The rapid development of edge computing has an impact on the Internet of Vehicles (IoV). However, the high-speed mobility of vehicles makes the task offloading delay unstable and unreliable. Hence, this paper studies the task offloading problem to provide stable computing, communication and storage services for user vehicles in vehicle networks. The offloading problem is formulated to minimize cost consumption under the maximum delay constraint by jointly considering the positions, speeds and computation resources of vehicles. Due to the complexity of the problem, we propose the vehicle deep Q-network (V-DQN) algorithm. In V-DQN algorithm, we firstly propose a vehicle adaptive feedback (VAF) algorithm to obtain the priority setting of processing tasks for service vehicles. Then, the V-DQN algorithm is implemented based on the result of VAF to realize task offloading strategy. Specially, the interruption problem caused by the movement of the vehicle is formulated as a return function as part of evaluating the task offloading strategy. The simulation results show that our proposed scheme significantly reduces cost consumption and improves Quality of Service (QoS).
基于强化学习的车辆边缘计算网络动态感知任务卸载
边缘计算的快速发展对车联网产生了影响。然而,车辆的高速移动使得任务卸载延迟变得不稳定和不可靠。
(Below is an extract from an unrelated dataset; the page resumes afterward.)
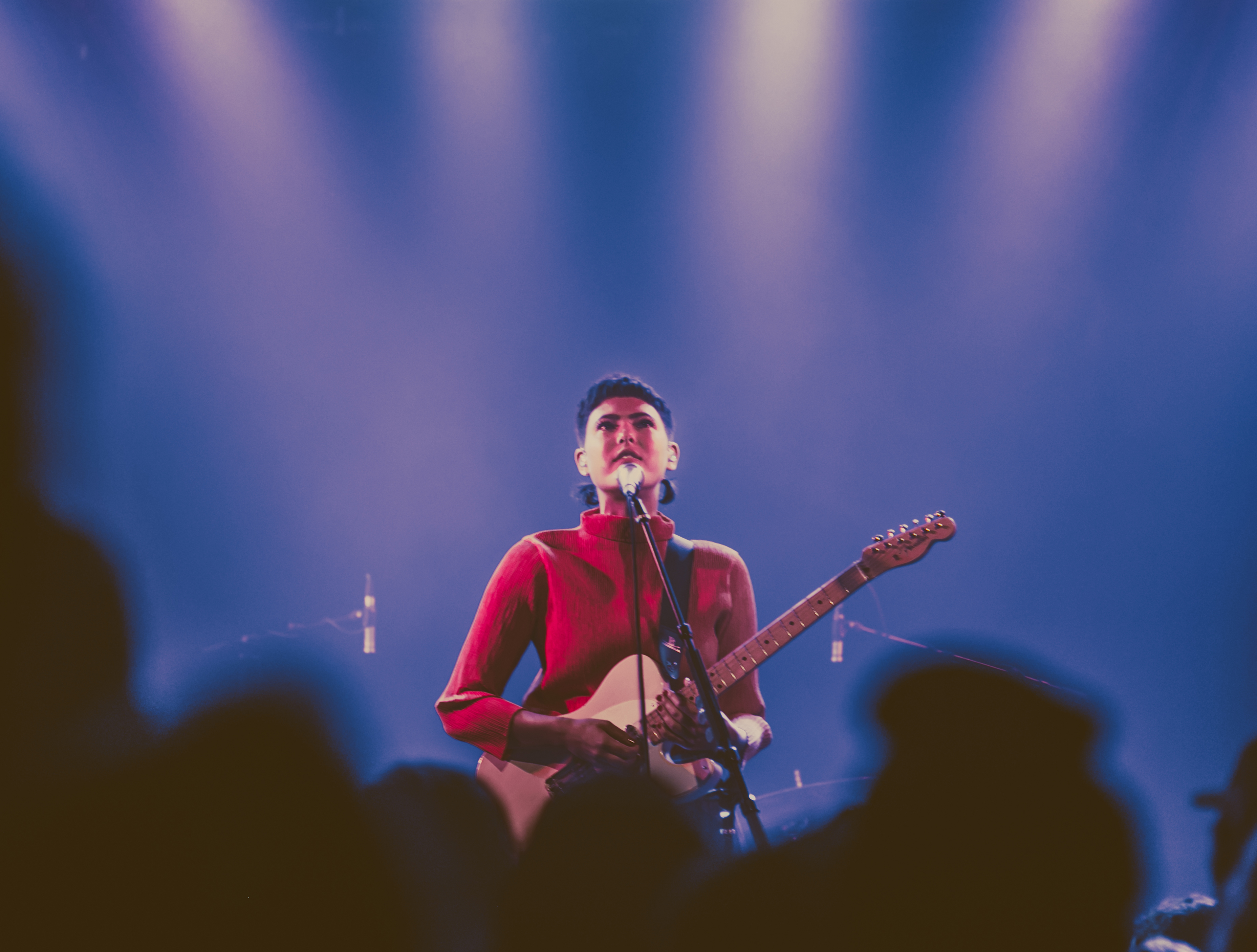 Miya Folick

为此,本文研究任务卸载问题,为车辆网络中的用户车辆提供稳定的计算、通信和存储服务。在最大延迟约束下,综合考虑车辆的位置、速度和计算资源,制定了成本消耗最小的卸载问题。鉴于问题的复杂性,我们提出了车辆深度q -网络(V-DQN)算法。在V-DQN算法中,我们首先提出了一种车辆自适应反馈(VAF)算法来获得服务车辆处理任务的优先级设置。然后,基于VAF结果实现V-DQN算法,实现任务卸载策略。特别地,将车辆运动引起的中断问题表述为一个返回函数,作为评估任务卸载策略的一部分。仿真结果表明,该方案显著降低了成本消耗,提高了服务质量(QoS)。
本文章由计算机程序翻译,如有差异,请以英文原文为准。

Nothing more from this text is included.